(Reuters) – Switzerland’s central bank stepped in to stop investors driving up the franc on Tuesday, sending the euro up nearly 9 percent and stifling a tentative European stock recovery from sharp losses a day earlier.
Core German debt yields, however, stayed near historic lows, well below 2 percent, signalling a frenzied search for safety was continuing.
European banking stocks, battered by fears of exposure to both euro zone peripheral debt and a U.S. lawsuit over mortgage-backed securities, added to Monday’s losses.
The Swiss National Bank whipped up the markets, saying it was setting a minimum exchange rate target of 1.20 francs to the euro that it will enforce by buying foreign currency in unlimited quantities.

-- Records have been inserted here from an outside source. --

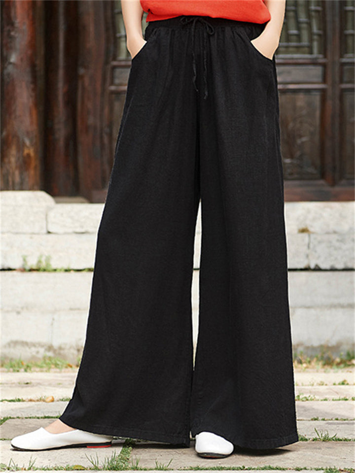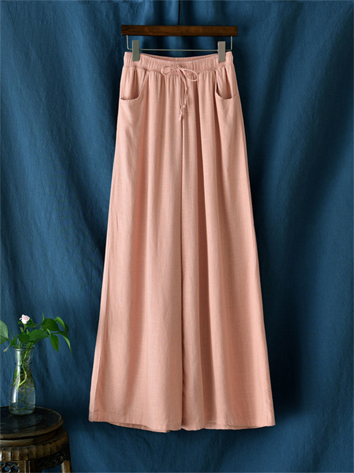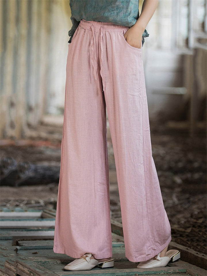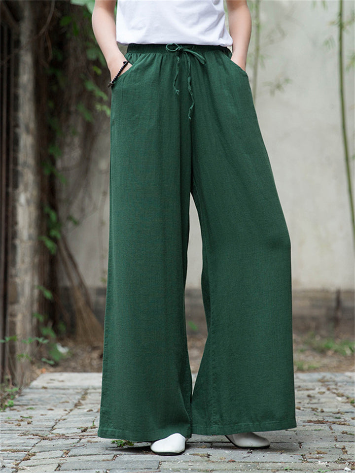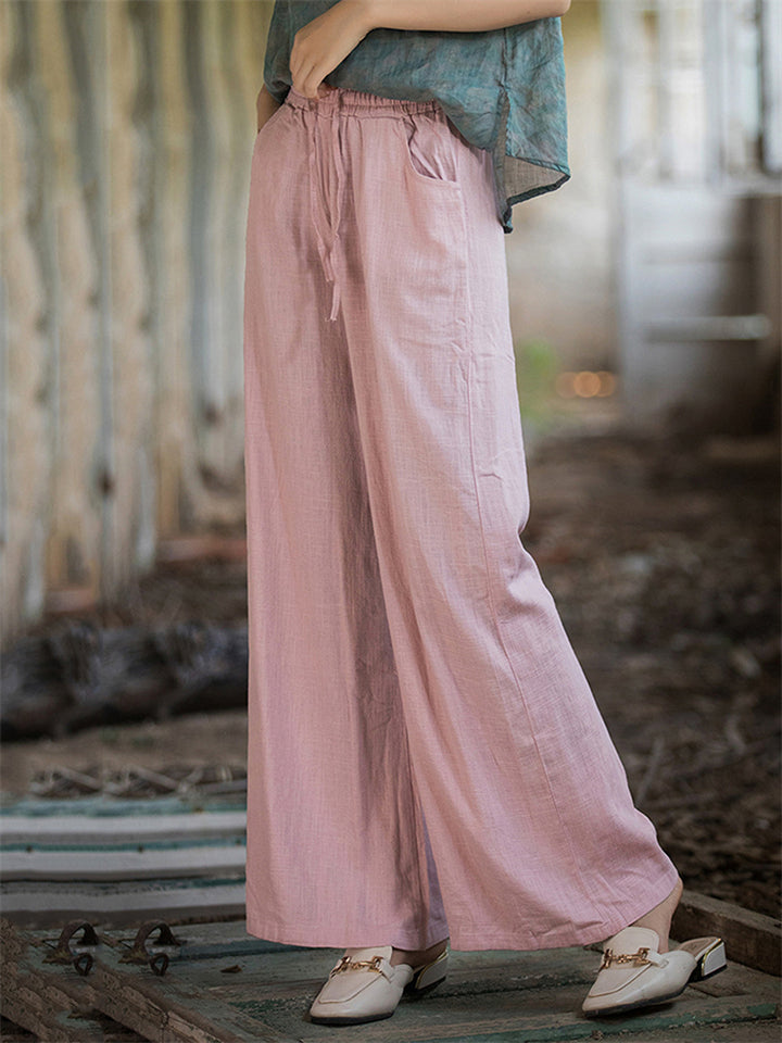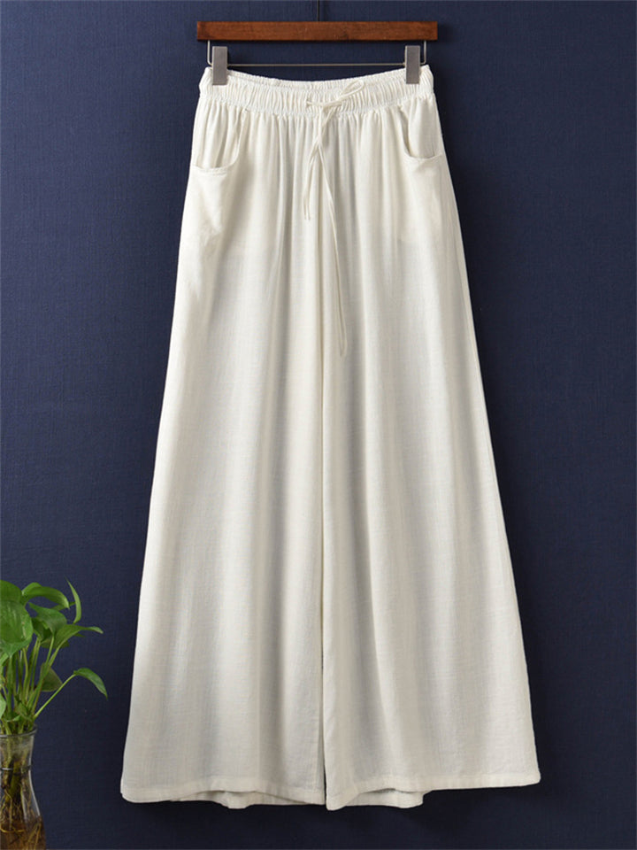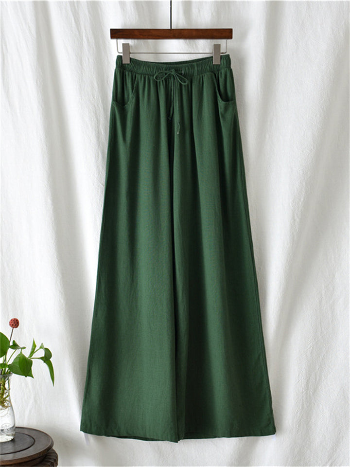 Plain Cozy Zen Linen Wide Leg Pants for Women
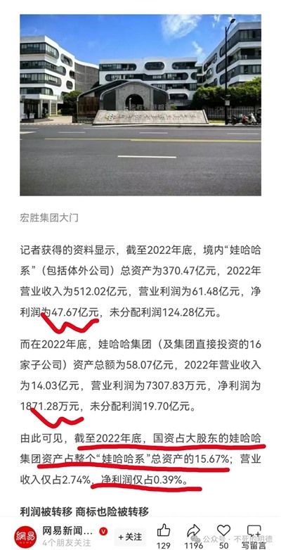 “截至2022年底,国资占大股东的娃哈哈集团资产占整个“娃哈哈系”总资产的15.67%;营业收入仅占2.74%,净利润仅占0.39%。”
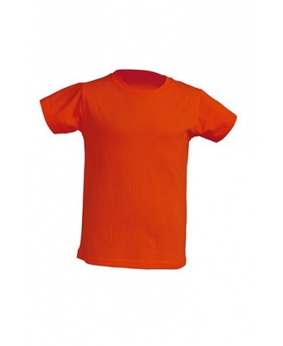 Kinder T-Shirt, kurzer Arm, Seitennähte. Doppelte Nähte an Kragen, Ärmeln und Bund. Lycra im Ribkragen, Nackentape Schulter zu Schulter. Grey Melange: 85% Baumwolle / 15% Polyester.

The franc has soared against the euro and the dollar in recent months as investors have bought the currency as a safe place for their money given the U.S. and euro zone debt crises.
This has threatened the Swiss economy, the bank said.

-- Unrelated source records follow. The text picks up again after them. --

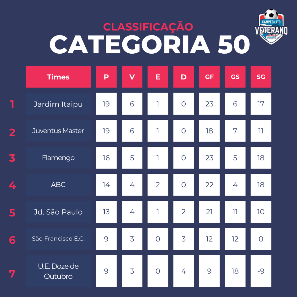 Com o Flamengo E.C. de folga na rodada, quem aproveitou foi o Jardim Itaipu e o Juventus Master, que assumiram a dianteira. O campeonato segue com um dos cenários mais disputados entre todas as categorias, especialmente na parte de cima da tabela.
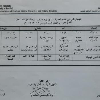 جداول محاضرات الفصل الدراسي الأول لمرحلة (الماجستير) للأقسام (العمارة - التصوير - النحت )للعام الجامعي 2023/ 2024م
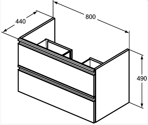 TESI Подстолье для умывальника для подвесного монтажа, с 2-мя ящиками с интегрированными ручками, система плавного закрытия, с крепежом.
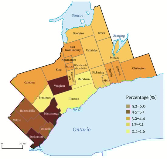 Figure 1 shows the percentage of Polish people in the Greater Toronto Area in relation to the total population of the entire area in 2016.

Soon after the announcement, the euro was trading at just above the 1.20 Swiss franc target after earlier being at around 1.10 francs.

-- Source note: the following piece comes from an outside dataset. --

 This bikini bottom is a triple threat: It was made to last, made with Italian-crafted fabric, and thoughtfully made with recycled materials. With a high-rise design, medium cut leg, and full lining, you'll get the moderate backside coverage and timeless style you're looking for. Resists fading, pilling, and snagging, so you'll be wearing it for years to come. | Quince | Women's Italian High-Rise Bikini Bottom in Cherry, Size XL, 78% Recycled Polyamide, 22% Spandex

The euro also rose against the dollar and was trading at $1.4173
“One will think twice about speculating against this target because the SNB is with its back against the wall,” said Alessandro Bee, economist at Bank Sarasin.
The Swiss move, however, undermined what had been a tentative European stock rally.
World stocks as measured by MSCI were up 0.2 percent, mainly held back by a catch-up fall of 2.2 percent on Japan’s Nikkei.
The pan-European FTSEurofirst 300 was up a quarter of a percent, while the banking sector remained under stress, falling 0.1 percent.
European stocks fell more than 4 percent on Monday on renewed worries about the euro zone’s ability to solve its debt problems.
“These persistent euro zone worries are back in play once again amidst signs that austerity measures may be faltering, whilst last Friday’s disappointing (U.S.) non-farm payrolls (data) continue to leave the markets with something of a hangover,” said Cameron Peacock, analyst at IG Markets.
At a banking conference in Frankfurt, the chief executives of both Societe Generale and Commerzbank said bank earnings would be less in the future, partly as a result of the euro zone crisis.
“There is a direct link between state balance sheets and bank balance sheets,” Commerzbank’s Martin Blessing said, adding that about 50 percent of sovereign bonds are held by local banks in most countries.
Market reaction to the euro zone crisis is being exaggerated by global concern about the state of the U.S. economy, which is in danger of slipping back into recession.
Japanese, Chinese and South Korean financial regulators discussed the global threats in a conference call.
“We are already at stall speed in the U.S. and Europe, which means we are now more likely than not to see a recession,” said Tharman Shanmugaratnam, Singapore’s finance minister.